I'm adding schema (description) to our product pages, all of which are dynamically generated, so I'm looking to add a good general purpose regular expression to properly format said description.

So here's what I'm currently working with (spaced a little oddly for ease of reading):

<meta itemprop="description" content="
    <?php 
        $original_desc = $_product->getShortDescription();
        $schema_desc = preg_replace('Rocking REGEX theoretically goes here','$1 $2', $original_desc);
        strip_tags($schema_desc);
        echo $schema_desc; 
    ?>
">

Problem is, our product descriptions are being pulled from the admin of our CMS, so the formatting is a little squirrelly.

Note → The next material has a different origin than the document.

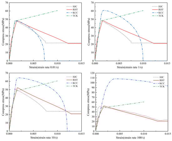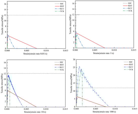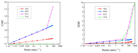 The strain rate effect is represented by the isotropic expanding method in the four models. Figure 5 shows the compression and tensile strain rates of the four models. The HJC model uses the natural logarithm form of the equivalent strain rate, the RHT model uses the exponential function form of the equivalent strain rate to describe the strain rate strengthening effect, and the strain rate enhancement factor of KCC can be determined through tests and freely input, generally using CEB code [34]. The TCK model has no compressive strain rate effect, and the tensile strain rate is derived by tensile fracture stress [35]. It should be noted that DIF relationships in models are all obtained by directly fitting test data, so the DIF includes the dynamic characteristics of materials and the strength increase caused by structural effects [36,37,38], which may lead to errors due to the test conditions and sample size.

Here's what they look like:

 content="<p><strong>Product Title</strong> - Other Product Name - <em>Blah Blah</em></p>
 <p><strong>Product Heading 1</strong> </p>
 <p><strong>Product Heading 2:</strong>Lorem ipsum dolor sit amet, consectetur adipiscing elit. Cras vulputate pellentesque sem, id mattis sem blandit at. 
    Suspendisse tempus sodales enim nec aliquam. Vestibulum laoreet tincidunt dui, sit amet laoreet ipsum gravida at. Nulla in tempus justo, 
    et bibendum dolor.</p>
    <p><strong>Product Heading 3:</strong> Lorem ipsum dolor sit amet, consectetur adipiscing elit. Cras vulputate pellentesque 
    sem, id mattis sem blandit at. Suspendisse tempus sodales enim nec aliquam. Vestibulum laoreet tincidunt dui, sit amet laoreet ipsum gravida at. 
    Nulla in tempus justo, et bibendum dolor.</p>"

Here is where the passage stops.